## [Exercise]
Print the records below exactly, with no pictures.

[Records contained in a dataset]
______________________________

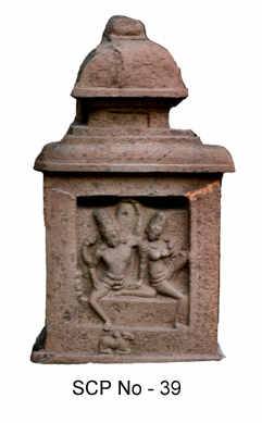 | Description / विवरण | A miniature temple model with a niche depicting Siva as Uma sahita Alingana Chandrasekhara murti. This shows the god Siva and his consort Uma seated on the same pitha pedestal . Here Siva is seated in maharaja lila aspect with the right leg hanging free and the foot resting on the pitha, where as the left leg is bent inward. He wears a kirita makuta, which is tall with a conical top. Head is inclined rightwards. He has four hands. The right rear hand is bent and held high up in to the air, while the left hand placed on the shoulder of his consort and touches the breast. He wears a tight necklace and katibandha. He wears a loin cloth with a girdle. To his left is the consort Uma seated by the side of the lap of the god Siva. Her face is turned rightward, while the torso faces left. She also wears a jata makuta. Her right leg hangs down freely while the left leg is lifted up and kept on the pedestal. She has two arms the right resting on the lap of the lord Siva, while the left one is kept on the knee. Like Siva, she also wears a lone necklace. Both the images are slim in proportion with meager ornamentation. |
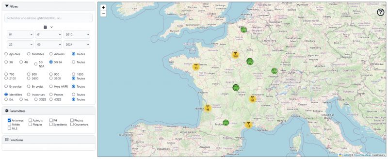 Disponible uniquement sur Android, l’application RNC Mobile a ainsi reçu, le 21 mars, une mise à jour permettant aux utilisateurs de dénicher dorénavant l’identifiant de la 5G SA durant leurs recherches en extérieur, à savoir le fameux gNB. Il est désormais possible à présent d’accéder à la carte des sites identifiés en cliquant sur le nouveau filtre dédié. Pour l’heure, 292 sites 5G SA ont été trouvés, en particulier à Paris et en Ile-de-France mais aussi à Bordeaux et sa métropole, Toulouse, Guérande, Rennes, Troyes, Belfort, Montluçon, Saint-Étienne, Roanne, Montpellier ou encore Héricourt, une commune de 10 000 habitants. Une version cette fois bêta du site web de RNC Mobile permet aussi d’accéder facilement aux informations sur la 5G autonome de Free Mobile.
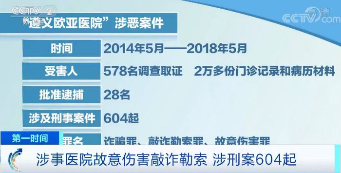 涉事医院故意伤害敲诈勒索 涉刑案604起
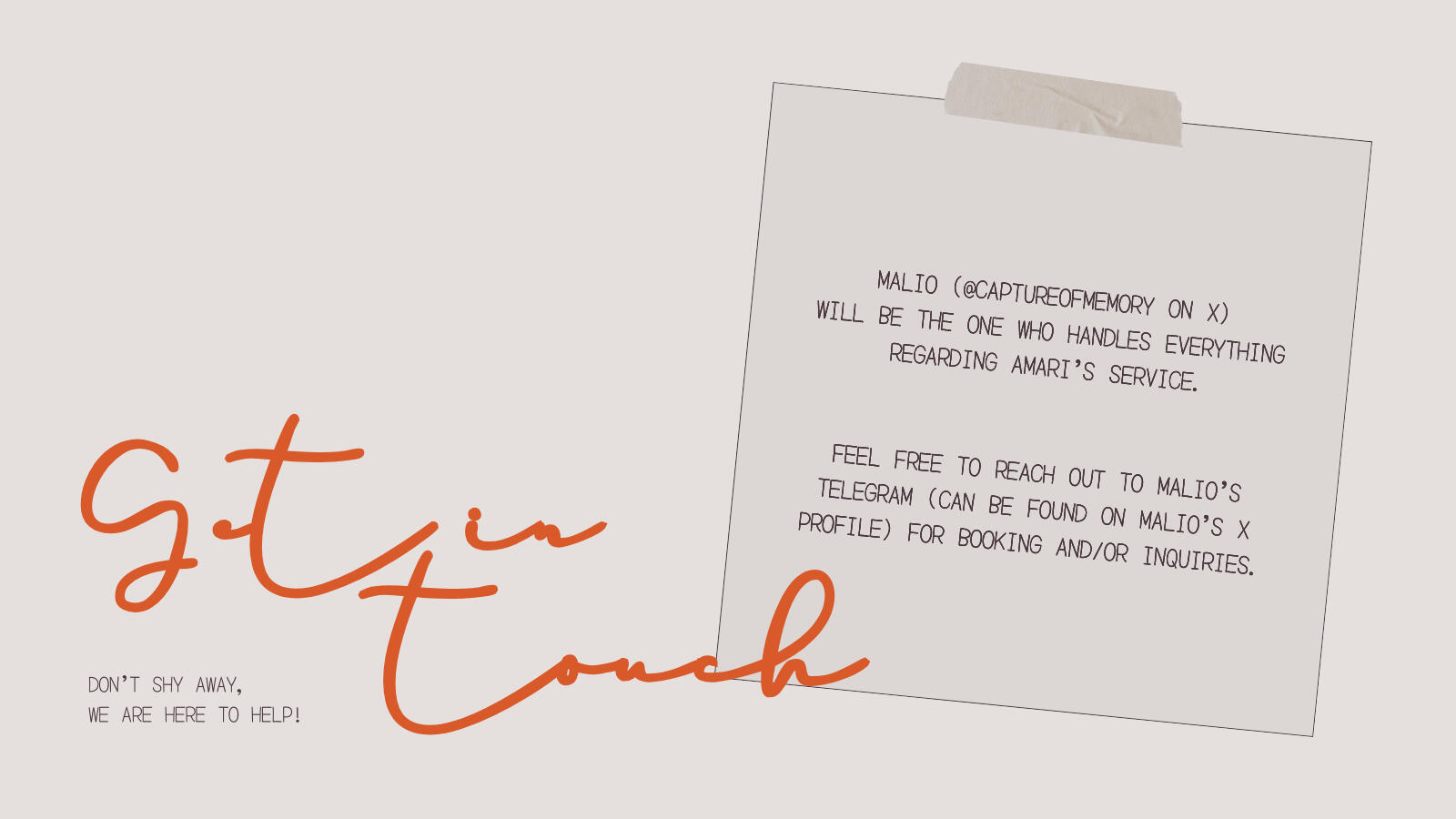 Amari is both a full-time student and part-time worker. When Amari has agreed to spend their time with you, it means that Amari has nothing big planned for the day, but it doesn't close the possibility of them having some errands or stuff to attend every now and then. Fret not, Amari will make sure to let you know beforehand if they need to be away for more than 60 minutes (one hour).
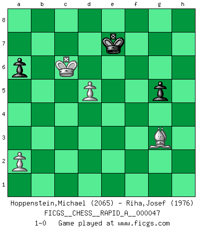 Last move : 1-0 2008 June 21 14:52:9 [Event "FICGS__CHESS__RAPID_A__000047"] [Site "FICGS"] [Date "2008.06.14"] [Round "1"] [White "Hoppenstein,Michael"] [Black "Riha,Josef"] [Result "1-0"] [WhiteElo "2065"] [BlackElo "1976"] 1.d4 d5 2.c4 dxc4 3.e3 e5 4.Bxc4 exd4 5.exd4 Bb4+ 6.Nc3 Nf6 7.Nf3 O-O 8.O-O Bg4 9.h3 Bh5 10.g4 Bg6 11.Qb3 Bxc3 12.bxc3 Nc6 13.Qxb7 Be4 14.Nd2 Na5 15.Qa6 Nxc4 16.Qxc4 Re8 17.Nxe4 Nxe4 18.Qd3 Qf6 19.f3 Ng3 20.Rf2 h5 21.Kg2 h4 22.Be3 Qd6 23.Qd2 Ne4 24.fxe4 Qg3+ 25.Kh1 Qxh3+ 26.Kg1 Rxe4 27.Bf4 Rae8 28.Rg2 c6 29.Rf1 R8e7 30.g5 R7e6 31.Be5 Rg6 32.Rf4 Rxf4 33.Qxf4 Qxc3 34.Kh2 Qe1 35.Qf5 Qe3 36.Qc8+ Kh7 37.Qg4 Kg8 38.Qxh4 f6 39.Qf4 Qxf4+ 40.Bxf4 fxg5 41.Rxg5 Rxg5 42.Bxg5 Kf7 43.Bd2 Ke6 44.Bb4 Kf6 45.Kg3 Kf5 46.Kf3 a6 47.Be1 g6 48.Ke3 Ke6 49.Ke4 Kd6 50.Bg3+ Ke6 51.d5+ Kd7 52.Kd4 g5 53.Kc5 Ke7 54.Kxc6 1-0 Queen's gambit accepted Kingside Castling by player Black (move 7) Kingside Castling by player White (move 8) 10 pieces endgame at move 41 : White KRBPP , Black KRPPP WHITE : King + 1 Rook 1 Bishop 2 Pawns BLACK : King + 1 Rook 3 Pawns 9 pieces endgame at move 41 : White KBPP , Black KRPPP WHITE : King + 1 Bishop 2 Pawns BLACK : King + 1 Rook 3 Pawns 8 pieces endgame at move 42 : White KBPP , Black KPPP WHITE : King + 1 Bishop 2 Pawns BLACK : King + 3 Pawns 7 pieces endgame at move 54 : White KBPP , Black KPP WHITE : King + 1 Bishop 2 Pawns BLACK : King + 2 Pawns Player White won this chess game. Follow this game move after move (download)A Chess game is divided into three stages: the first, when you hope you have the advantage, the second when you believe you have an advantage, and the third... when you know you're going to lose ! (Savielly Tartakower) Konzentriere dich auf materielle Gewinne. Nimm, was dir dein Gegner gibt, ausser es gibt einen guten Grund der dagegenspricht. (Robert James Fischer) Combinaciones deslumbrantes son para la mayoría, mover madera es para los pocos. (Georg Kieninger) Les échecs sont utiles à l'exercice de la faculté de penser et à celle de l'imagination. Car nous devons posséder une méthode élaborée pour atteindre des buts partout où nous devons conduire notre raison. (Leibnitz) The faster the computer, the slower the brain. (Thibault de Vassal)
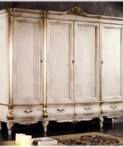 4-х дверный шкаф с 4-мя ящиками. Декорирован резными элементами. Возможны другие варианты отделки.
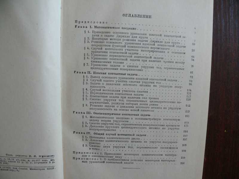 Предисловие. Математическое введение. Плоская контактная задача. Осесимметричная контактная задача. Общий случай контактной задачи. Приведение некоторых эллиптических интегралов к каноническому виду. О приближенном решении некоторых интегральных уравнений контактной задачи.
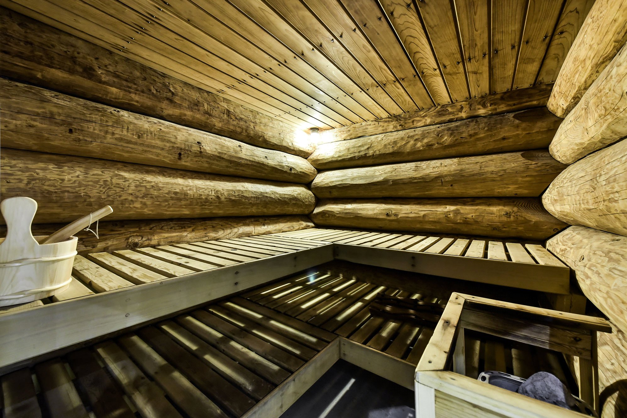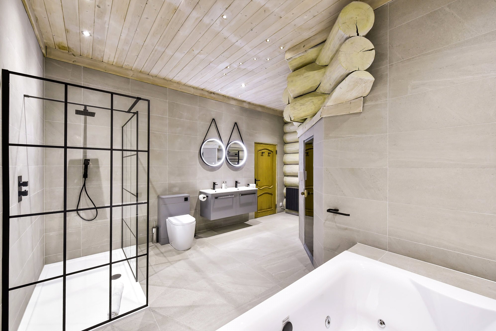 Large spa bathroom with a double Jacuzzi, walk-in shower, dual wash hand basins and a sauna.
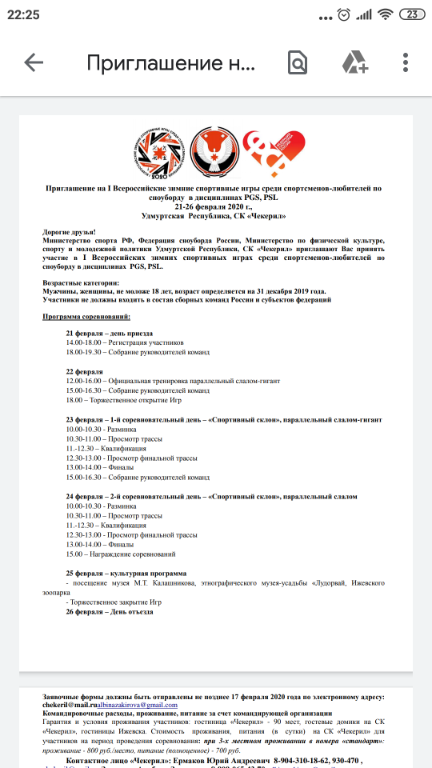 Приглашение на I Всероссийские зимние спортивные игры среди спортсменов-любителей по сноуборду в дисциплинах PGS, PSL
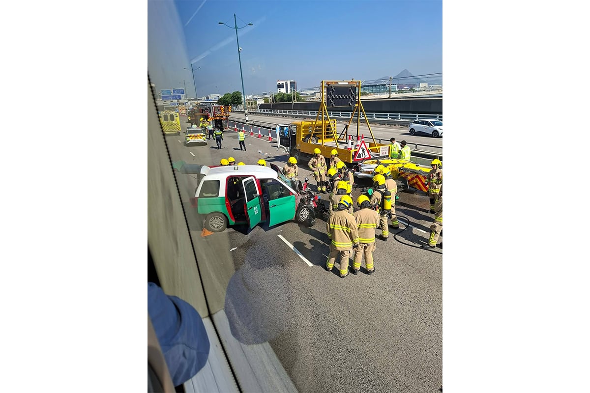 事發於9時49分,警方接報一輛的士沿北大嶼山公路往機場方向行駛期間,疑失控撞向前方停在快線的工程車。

______________________________

## [Exercise response]
 | Description / विवरण | A miniature temple model with a niche depicting Siva as Uma sahita Alingana Chandrasekhara murti. This shows the god Siva and his consort Uma seated on the same pitha pedestal . Here Siva is seated in maharaja lila aspect with the right leg hanging free and the foot resting on the pitha, where as the left leg is bent inward. He wears a kirita makuta, which is tall with a conical top. Head is inclined rightwards. He has four hands. The right rear hand is bent and held high up in to the air, while the left hand placed on the shoulder of his consort and touches the breast. He wears a tight necklace and katibandha. He wears a loin cloth with a girdle. To his left is the consort Uma seated by the side of the lap of the god Siva. Her face is turned rightward, while the torso faces left. She also wears a jata makuta. Her right leg hangs down freely while the left leg is lifted up and kept on the pedestal. She has two arms the right resting on the lap of the lord Siva, while the left one is kept on the knee. Like Siva, she also wears a lone necklace. Both the images are slim in proportion with meager ornamentation. |
 Disponible uniquement sur Android, l’application RNC Mobile a ainsi reçu, le 21 mars, une mise à jour permettant aux utilisateurs de dénicher dorénavant l’identifiant de la 5G SA durant leurs recherches en extérieur, à savoir le fameux gNB. Il est désormais possible à présent d’accéder à la carte des sites identifiés en cliquant sur le nouveau filtre dédié. Pour l’heure, 292 sites 5G SA ont été trouvés, en particulier à Paris et en Ile-de-France mais aussi à Bordeaux et sa métropole, Toulouse, Guérande, Rennes, Troyes, Belfort, Montluçon, Saint-Étienne, Roanne, Montpellier ou encore Héricourt, une commune de 10 000 habitants. Une version cette fois bêta du site web de RNC Mobile permet aussi d’accéder facilement aux informations sur la 5G autonome de Free Mobile.
 涉事医院故意伤害敲诈勒索 涉刑案604起
 Amari is both a full-time student and part-time worker. When Amari has agreed to spend their time with you, it means that Amari has nothing big planned for the day, but it doesn't close the possibility of them having some errands or stuff to attend every now and then. Fret not, Amari will make sure to let you know beforehand if they need to be away for more than 60 minutes (one hour).
 Last move : 1-0 2008 June 21 14:52:9 [Event "FICGS__CHESS__RAPID_A__000047"] [Site "FICGS"] [Date "2008.06.14"] [Round "1"] [White "Hoppenstein,Michael"] [Black "Riha,Josef"] [Result "1-0"] [WhiteElo "2065"] [BlackElo "1976"] 1.d4 d5 2.c4 dxc4 3.e3 e5 4.Bxc4 exd4 5.exd4 Bb4+ 6.Nc3 Nf6 7.Nf3 O-O 8.O-O Bg4 9.h3 Bh5 10.g4 Bg6 11.Qb3 Bxc3 12.bxc3 Nc6 13.Qxb7 Be4 14.Nd2 Na5 15.Qa6 Nxc4 16.Qxc4 Re8 17.Nxe4 Nxe4 18.Qd3 Qf6 19.f3 Ng3 20.Rf2 h5 21.Kg2 h4 22.Be3 Qd6 23.Qd2 Ne4 24.fxe4 Qg3+ 25.Kh1 Qxh3+ 26.Kg1 Rxe4 27.Bf4 Rae8 28.Rg2 c6 29.Rf1 R8e7 30.g5 R7e6 31.Be5 Rg6 32.Rf4 Rxf4 33.Qxf4 Qxc3 34.Kh2 Qe1 35.Qf5 Qe3 36.Qc8+ Kh7 37.Qg4 Kg8 38.Qxh4 f6 39.Qf4 Qxf4+ 40.Bxf4 fxg5 41.Rxg5 Rxg5 42.Bxg5 Kf7 43.Bd2 Ke6 44.Bb4 Kf6 45.Kg3 Kf5 46.Kf3 a6 47.Be1 g6 48.Ke3 Ke6 49.Ke4 Kd6 50.Bg3+ Ke6 51.d5+ Kd7 52.Kd4 g5 53.Kc5 Ke7 54.Kxc6 1-0 Queen's gambit accepted Kingside Castling by player Black (move 7) Kingside Castling by player White (move 8) 10 pieces endgame at move 41 : White KRBPP , Black KRPPP WHITE : King + 1 Rook 1 Bishop 2 Pawns BLACK : King + 1 Rook 3 Pawns 9 pieces endgame at move 41 : White KBPP , Black KRPPP WHITE : King + 1 Bishop 2 Pawns BLACK : King + 1 Rook 3 Pawns 8 pieces endgame at move 42 : White KBPP , Black KPPP WHITE : King + 1 Bishop 2 Pawns BLACK : King + 3 Pawns 7 pieces endgame at move 54 : White KBPP , Black KPP WHITE : King + 1 Bishop 2 Pawns BLACK : King + 2 Pawns Player White won this chess game. Follow this game move after move (download)A Chess game is divided into three stages: the first, when you hope you have the advantage, the second when you believe you have an advantage, and the third... when you know you're going to lose ! (Savielly Tartakower) Konzentriere dich auf materielle Gewinne. Nimm, was dir dein Gegner gibt, ausser es gibt einen guten Grund der dagegenspricht. (Robert James Fischer) Combinaciones deslumbrantes son para la mayoría, mover madera es para los pocos. (Georg Kieninger) Les échecs sont utiles à l'exercice de la faculté de penser et à celle de l'imagination. Car nous devons posséder une méthode élaborée pour atteindre des buts partout où nous devons conduire notre raison. (Leibnitz) The faster the computer, the slower the brain. (Thibault de Vassal)
 4-х дверный шкаф с 4-мя ящиками. Декорирован резными элементами. Возможны другие варианты отделки.
 Предисловие. Математическое введение. Плоская контактная задача. Осесимметричная контактная задача. Общий случай контактной задачи. Приведение некоторых эллиптических интегралов к каноническому виду. О приближенном решении некоторых интегральных уравнений контактной задачи.
 Large spa bathroom with a double Jacuzzi, walk-in shower, dual wash hand basins and a sauna.
 Приглашение на I Всероссийские зимние спортивные игры среди спортсменов-любителей по сноуборду в дисциплинах PGS, PSL
 事發於9時49分,警方接報一輛的士沿北大嶼山公路往機場方向行駛期間,疑失控撞向前方停在快線的工程車。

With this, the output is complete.